The Company's net loans increased $238.1 million, or 5.5%, to $4.58 billion at December 31, 2011, from $4.34 billion at December 31, 2010.  Loan originations totaled $1.5 billion and loan purchases totaled $79.5 million for the year ended December 31, 2011.  The loan portfolio had net increases of $177.0 million in multi-family mortgage loans, $93.5 million in commercial loans and $73.4 million in commercial mortgage loans, partially offset by net decreases of $77.7 million in residential mortgage loans, $10.4 million in construction loans and $8.6 million in consumer loans.  Commercial real estate, commercial and construction loans represented 59.8% of the loan portfolio at December 31, 2011, compared to 55.6% at December 31, 2010.

At December 31, 2011, the Company's unfunded loan commitments totaled $770.4 million, including $288.5 million in commercial loan commitments, $112.2 million in construction loan commitments and $69.3 million in commercial mortgage commitments.  Unfunded loan commitments at September 30, 2011 were $793.7 million.
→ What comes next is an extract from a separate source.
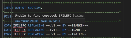 #ChangeManZMF#Copybookresolvement#VSCode#include#ZMFExplorer#COPYBOOKS#ZMF#VSCodeHave you confirmed that the copybook files have been downloaded into the correct folder and with the correct file suffix?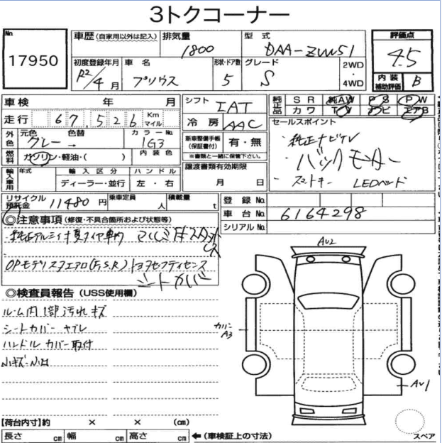 | Model Code | ZVW51 | Auction Grade | 4.5 |

Foreclosed assets increased $9.9 million, to $12.8 million at December 31, 2011, from $2.9 million at December 31, 2010.  Foreclosed assets consisted of $5.5 million of residential real estate, $6.6 million of commercial real estate and $712,000 of marine vessels at December 31, 2011.

Total deposits increased $278.9 million, or 5.7%, during the year ended December 31, 2011 to $5.16 billion.  Core deposits, consisting of savings and demand deposit accounts, increased $428.4 million, or 11.9%, to $4.03 billion at December 31, 2011.  The majority of the core deposit increase was in commercial checking deposits, retail checking deposits and money market deposits, partially offset by a decline in savings deposits.  Time deposits decreased $149.5 million, or 11.7%, to $1.13 billion at December 31, 2011, with the majority of the decrease occurring in the 15-month and shorter maturity categories.  The Company remains focused on developing core deposit relationships, while strategically permitting the run-off of higher-cost time deposits.  Core deposits represented 78.1% of total deposits at December 31, 2011, compared to 73.8% at December 31, 2010.    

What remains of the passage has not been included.